Health care component
The stimulus law includes up to $19 billion for hospitals, physicians and other health care providers to install electronic medical record systems. That in itself could be more important to the medical industry than insurance reform, said David C. Main, a partner with the law firm Pillsbury Winthrop Shaw Pittman and chairman of its health care practice.
"It's the most important piece of health care legislation to be passed in the last 20 to 30 years," said Main, founder of the Healthcare Technology Network of Greater Washington.
While money is expected to be available in grants, incentive payments and other forms, the criteria to obtain funding have yet to be released, he said. "The money has been slow to come out so far," Main said.
The medical IT component of the stimulus law is the "foundation for health care reform," said Catherine Szenczy, senior vice president and CIO of MedStar Health in Columbia. The medical system includes Franklin Square Hospital Center in Baltimore and Montgomery General Hospital in Olney.
Hospitals have until 2015 to develop significant progress toward electronic records or they will start losing some Medicare funding.

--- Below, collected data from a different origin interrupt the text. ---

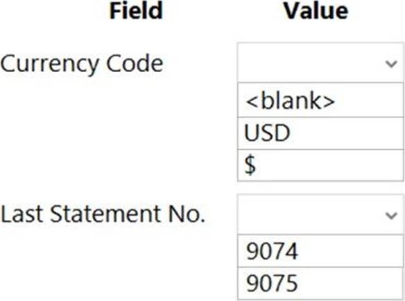 ✑ Use 9075 as the number of the next bank account statement for reconciliation in Business Central.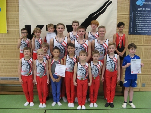 Die Mannschaft LK 1 (18 Jahre u. jünger) ist der amtierende Hessenmeister. Jonathan Feilcke, Jonathan Freiboth (beide Melsungen), Paul Bartling, Florian Schofeld (beide Niederzwehren) und Daniel Brandt (Neukirchen) haben die Titelverteidigung fest im Blick. Da es keinen Gegner gab, blieb ein wenig Raum, die Übungen im Hinblick auf die Ligawettkämpfe zu variieren. Trotz Problemen an Sprung und Barren war Jonathan Freiboth einmal mehr der Vorturner und trug mit 66,00 Punkten am meisten zum Gesamtergebnis von 181,40 Punkten bei.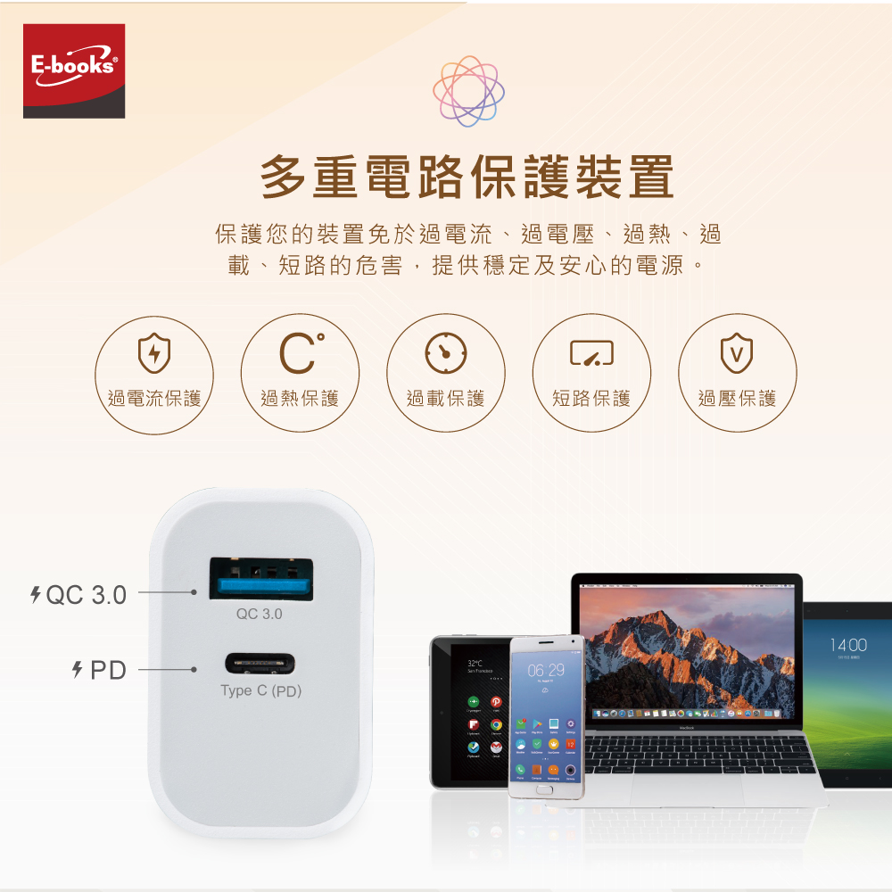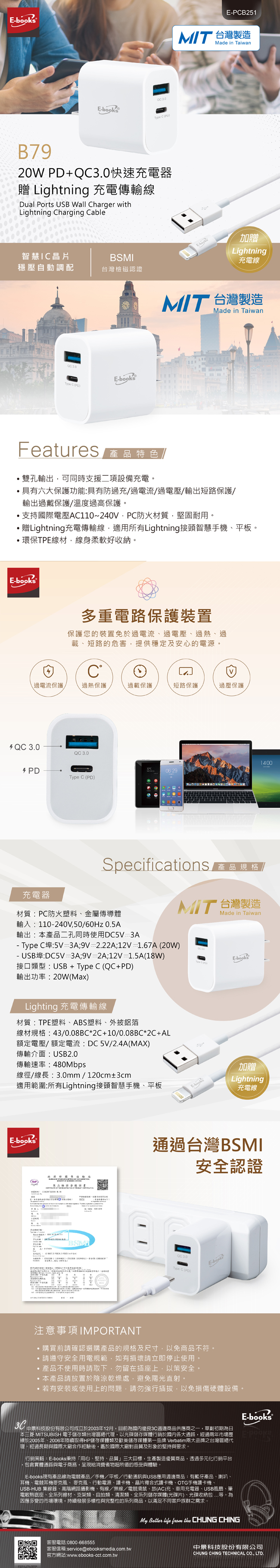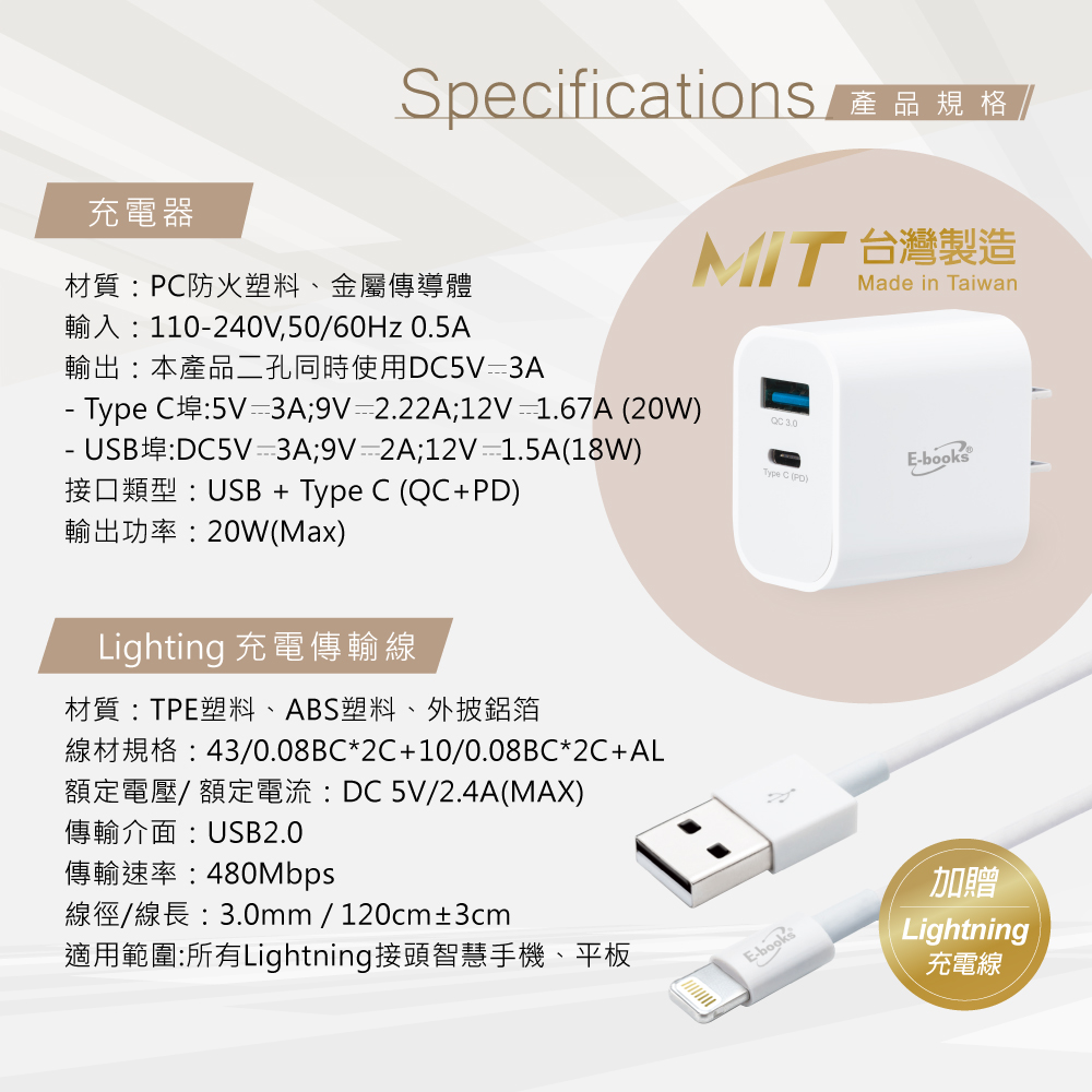 【台灣製造】E-books B79 20W PD+QC3.0快速充電器贈 Lightning 充電傳輸線1.2M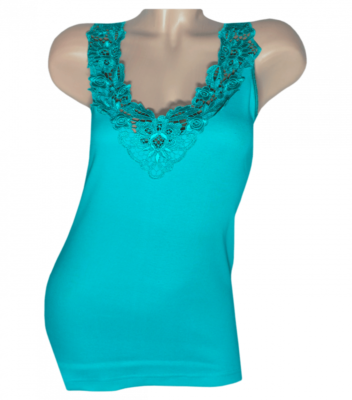 Майка жіноча на широких бретельках спереду кружево.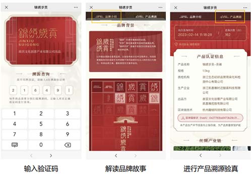 “锦绣岁贡”品牌的保真溯源系统,利用先进的区块链技术严格把控丝绸产品每一个流程关键点,在产品吊牌上加装智慧芯片,确保每一件产品在出厂前都有据可查且真实可信,并最终通过手机触碰或扫码的方式显示在用户终端上。对产品进行数字溯源的管理,可以在一定程度上避免流通环节造假的可能性,确保供应稳定、价格稳定,给予消费者一个放心、安全、信任的消费环境。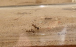 Während frische Zophobas-Würmer von den Messor minor hesperius angenommen wurden, ließen sie diese im aufgetauten Zustand fast immer links liegen. Daher kaufte ich mir bei einem Reptilienbedarf-Versandhaus ein paar Packungen Heimchen in verschiedenen Größen. Hier zeigten sich die Messor sowohl von den frischen, als auch von den aufgetauten Heimchen schwer begeistert. Gemeinschaftlich wurden die Gliedmaßen abgetrennt und zum Nest gebracht und dann das Heimchen schließlich ausgehöhlt. Da jetzt im Frühjahr und Sommer sich auch weitere Insekten in meine Wohnung verirren werden, bin ich mal gespannt, was meine Ameisen sonst so gerne fressen.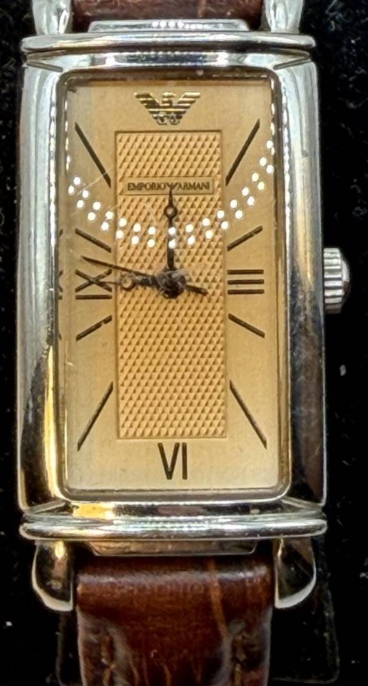Quartz DAU "Emporio Armani", braunes Lederband, Werk nicht geprüft, aus Sammlerbox [1]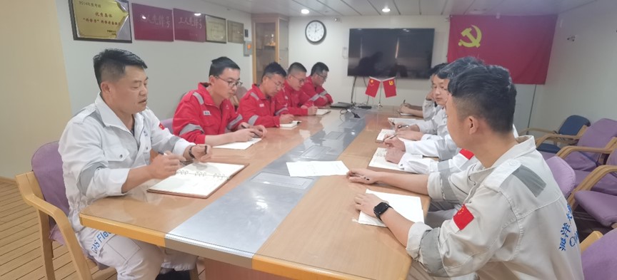 重温五四岁月,拨动时代心弦。为弘扬五四精神,激励广大青年党员团员坚定远大理想、勇挑时代重担、厚植爱国主义情怀, 5月4日,正在坞修的“科学”号科考船组织开展“弘扬五四精神,凝聚青春力量”主题党日团日活动。
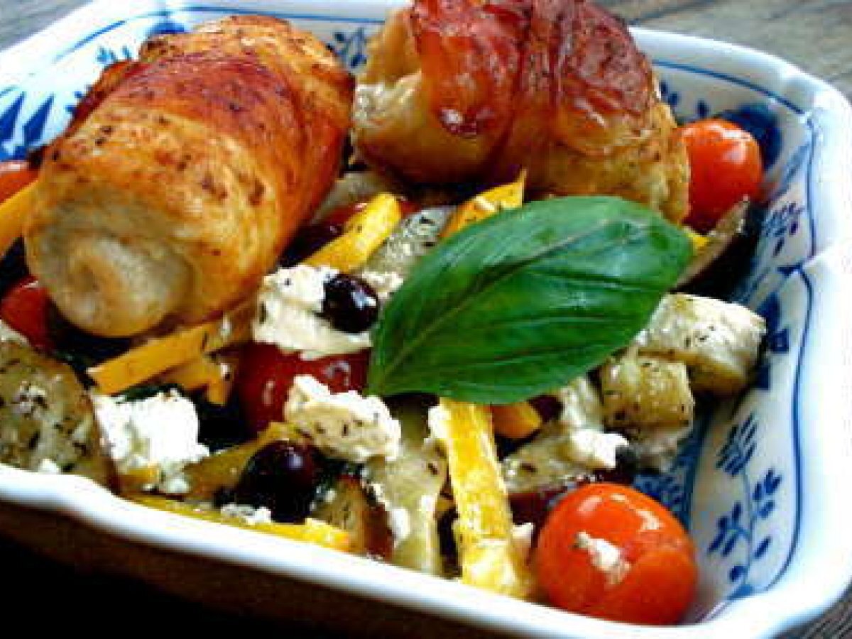 J'ai envie de couleurs dans mon assiette en ce moment... Alors j'ai fait des légumes à la fêta, basilic & thym en papillote avec des roulades de poulets. En plus, les roulades coupées en deux c'est très jolie... malheureusement il n'y a pas de photo pour vous montrer.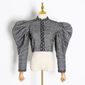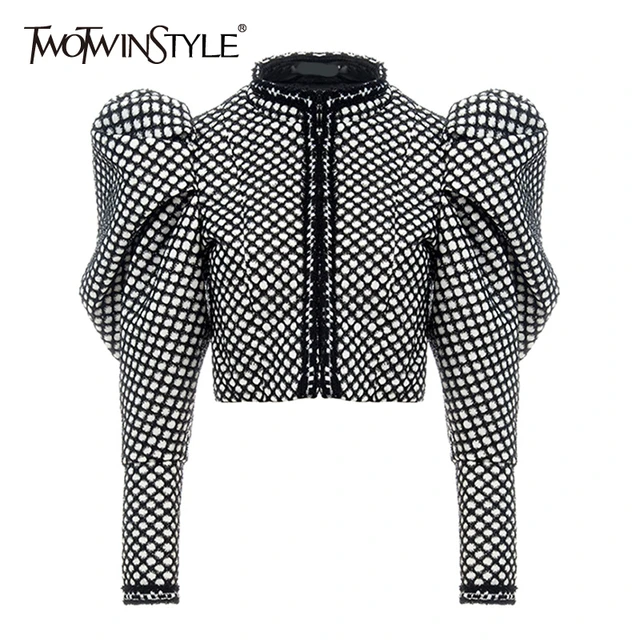 Special Offer TWOTWINSTYLE Ruched Plaid Coat For Women O Neck Puff Sleeve Short Female Coat Streetwear Autumn Fas with Free Shipping Worldwide!
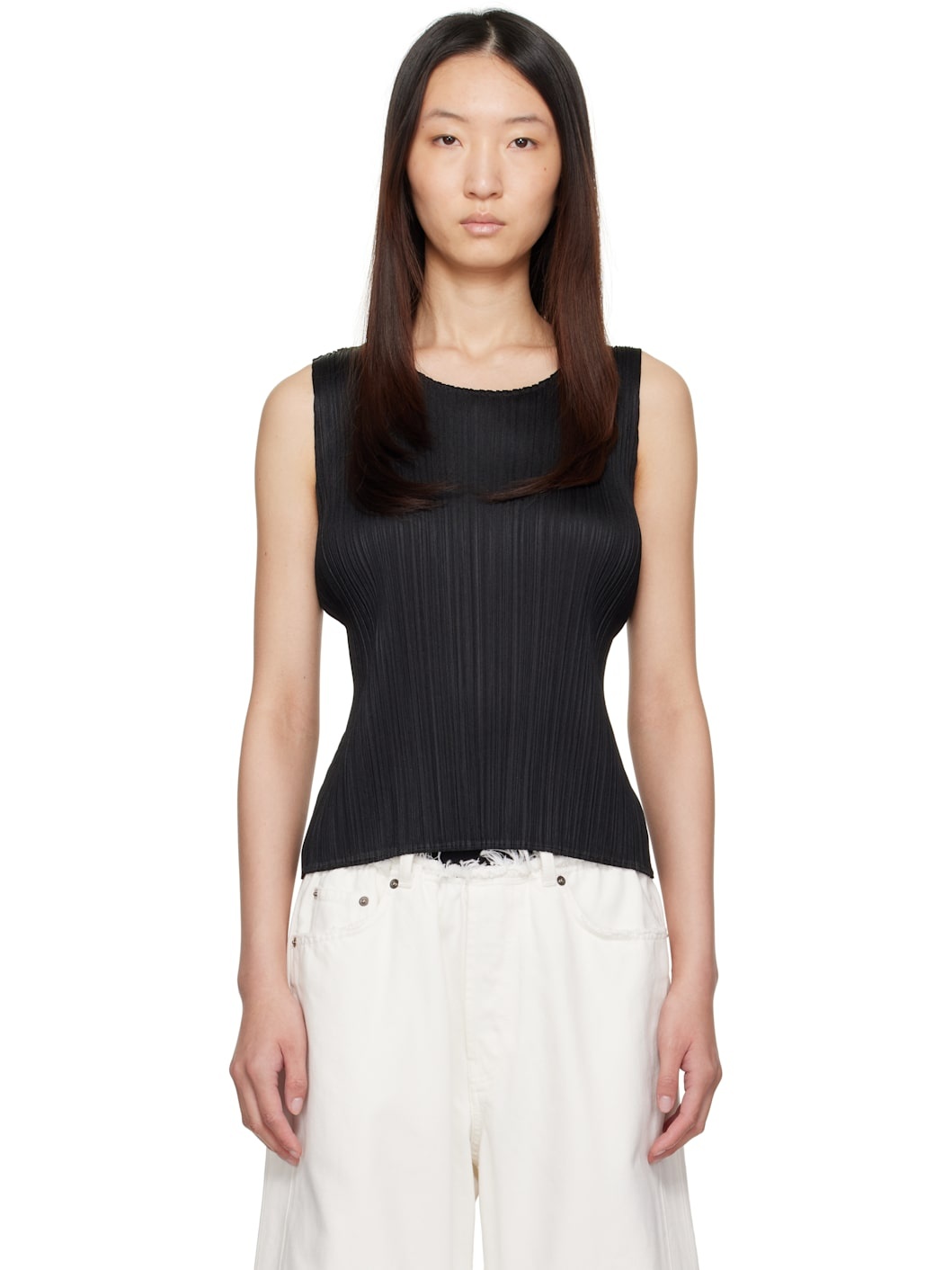 Garment-pleated polyester jersey tank top. Round neck. Supplier color: Black 100% polyester. Made in Japan 251941F111006

MedStar executives have been reviewing their IT strategies and believe they are in sync with federal officials' vision, Szenczy said.
"We think our plan is aligned enough for us to be eligible for stimulus dollars," she said.
Federal web site that details how stimulus money is spent: recovery.gov
Maryland stimulus site: www.recovery.maryland.gov
Montgomery County stimulus site: www.montgomerycounty
U.S. Small Business Administration stimulus site: www.sba.gov/recovery
Government contracting registration programs: www.bpn.gov/ccr; orca.bpn.gov
Maryland companies, large and small, have won more than $100 million in federal stimulus contracts, including the following:
Lozoskie Adams of Parkville, $52,617 from the Army Corps of Engineers in Huntington, W.Va., for wire field fence, gates and posts.
IBM in Bethesda, $1.65 million from the National Oceanic and Atmospheric Administration in Silver Spring for support services for the Digital-to-Analog Converter Box Coupon Program.
RIS Paper Co. in Upper Marlboro, $45,000 from the Treasury Department for check paper.
Technology & Management Services Inc. in Gaithersburg, $35.41 million from the Department of Energy for consulting and other services in support of the Loan Guarantee Office.
Edifice Group of Rockville, $1.14 million from the Smithsonian Institution to renovate a barn at the Conservation and Research Center in Front Royal, Va., and up to $739,426 to repair and restore exterior walls at the Smithsonian's Arts and Industries Building.
Grunley Construction Co. of Rockville, $34.91 million from the General Services Administration to modernize the Mary E. Switzer Building in Washington, D.C.
Source: Targeted News Service
Correction: This story has been corrected to reflect correct name of David Main of Pillsbury Winthrop Shaw Pittman, not Mann.